Transcription factors and microRNAs regulatory network analysis of the candidate genes
To clarify the differences of regulatory networks of key candidate genes in soybean and rapeseed, we identified transcription factors (TFs) related to lipid biosynthesis in seed development. TFs and their target genes were downloaded from PlantTFDB v3.0 . Together with the results mentioned above, it was found that the rapeseed-specific gene (BnaA10g13960D), encoding β-CT subunit of ACCase, is positively regulated by four zinc finger TFs, namely BnaA01g37250D, BnaA02g26190D, BnaC01g01040D and BnaC07g21470D (Table 2; Additional file 2: Figure S5) .
Meanwhile, 639 soybean and 92 rapeseed mature microRNAs were downloaded from miRBase (version 21). Their target genes were predicted using psRNATarget, a plant small RNA target analysis server. As a result, 4411 soybean and 1780 rapeseed miRNA-Target gene pairs were obtained. Among these genes, 116 and 61 were associated with lipid synthesis in soybean and rapeseed, respectively. Note that bna-miR169 inhibits the expression of the BnPEPC gene; this may facilitate a greater carbon flow to de novo fatty acid synthesis, and the expression of GmLPAAT2 gene is putatively inhibited by gma-miR171, gma-miR1516 and gma-miR5775 (Table 2; Additional file 2: Figure S5).

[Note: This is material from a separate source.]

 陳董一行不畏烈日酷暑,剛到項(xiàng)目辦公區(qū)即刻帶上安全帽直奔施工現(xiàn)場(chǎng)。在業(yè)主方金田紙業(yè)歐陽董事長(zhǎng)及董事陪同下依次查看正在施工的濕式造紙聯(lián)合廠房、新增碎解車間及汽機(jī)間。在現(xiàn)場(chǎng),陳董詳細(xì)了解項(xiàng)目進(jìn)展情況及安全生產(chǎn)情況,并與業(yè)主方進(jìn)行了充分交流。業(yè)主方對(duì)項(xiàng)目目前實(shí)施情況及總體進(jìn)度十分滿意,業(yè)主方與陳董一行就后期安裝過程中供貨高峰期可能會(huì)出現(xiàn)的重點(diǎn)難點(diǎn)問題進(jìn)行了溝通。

Evolutionary analysis of PEPC gene family
Phylogenetic analysis and conserved motifs analysis of PEPC gene family
Three plant-type PEPC genes (PTPCs) (AtPEPC1, AtPEPC2 and AtPEPC3) and one bacterial-type PEPC genes (BTPCs) (AtPEPC4) exist in A. thaliana . To investigate the evolution of the PEPC gene family in soybean and rapeseed, the full amino acid sequences encoded by 33 PEPC genes in soybean, rapeseed and Arabidopsis were used to construct a phylogenetic tree using a neighbor-joining method. As a result, the PEPC genes were grouped into two distinct families with four subfamilies, which are consistent with those in A. thaliana (Fig. 2). In Fig. 2, GmPEPC1 is close to GmPEPC3 in its evolutionary relationship, and their expression patterns during seed development in Additional file 2: Figure S4 are complementary. Meanwhile, the conserved motifs of PEPC genes were further analyzed using MEME . Results showed that the motif structure of GmPEPC3 was more conserved than that of BnPEPC3, and the motif structures of BnPEPC1 and BnPEPC2 were also relatively more conserved than that of BnPEPC3 (Fig. 2). Note that there are distinct differences of BTPCs between soybean and rapeseed, indicating the existence of its extensive functional differentiation.

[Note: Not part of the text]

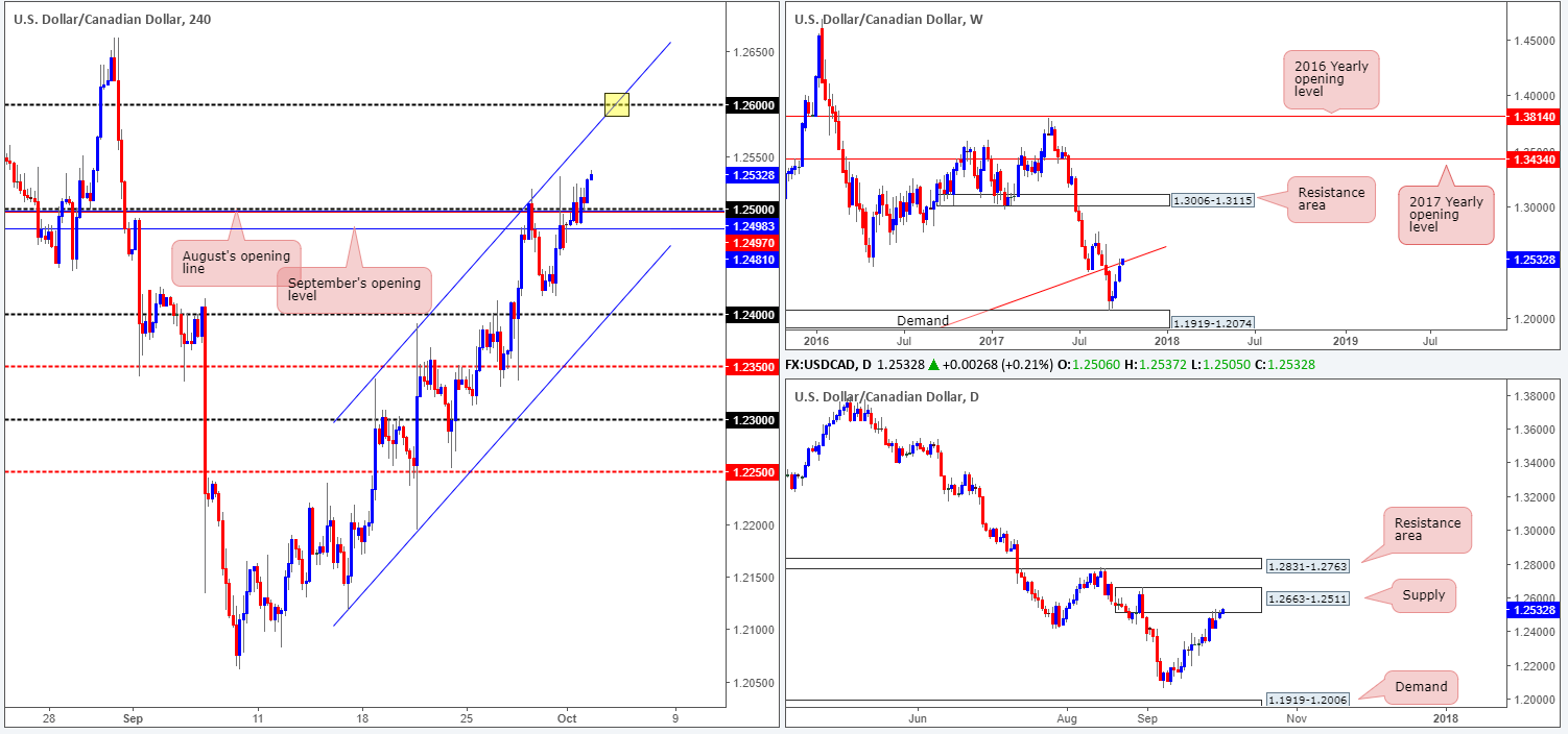 Reinforced by a robust US dollar and an upbeat US ISM Manufacturing PMI, the USD/CAD conquered the 1.25 handle on Monday and tapped a high of 1.2524 on the day. Although daily action resides within supply seen at 1.2663-1.2511 and weekly price at a trendline resistance extended from the low 0.9633, H4 price shows room to advance up to the 1.26 handle which happens to fuse beautifully with a channel resistance etched from the high 1.2338 (yellow rectangle).

Evolutionary rate and positive selection analysis of PEPC genes
To determine whether the genes of the PEPC gene family are under different evolutionary constraints in soybean and rapeseed, the ω (Ka/Ks) values for the above genes were calculated using the branch model (BM) and the branch-site model (BSM) of the Codeml program in PAML. As a result, the evolution rate ω0 (Ka/Ks) was estimated to be 0.340 and log-likelihood was − 2343.655 if the evolution rates at all branches were the same; six evolution rates (ω) were estimated to be 0.078, 0.054, 0.106, 0.093, 0.495 and 0.175 and log-likelihood was − 2361.163 if the evolution rates changed across different branches (Additional file 3: Table S7; Additional file 2: Figure S6). Clearly, there was a significant difference between the above two models (Additional file 3: Table S7, P-value = 4.278e-06). We also found that the ω value for the bacterial-type PEPC soybean sub-branch (ω = 0.495) was significantly higher than the ω0 value (= 0.340) and the ω values for the other sub-branches were significantly lower than the ω0 value (= 0.340). This indicates that the BTPC genes have experienced positive selection and the PTPC genes have experienced purifying selection. Furthermore, the BSM model was used to identify positively selected sites. As a result, we observed significant positive selection for soybean bacterial-type PEPC genes and the amino acid sites of positive selection, associated with GmPEPC4, were 56F and 61 V (Additional file 3: Table S8).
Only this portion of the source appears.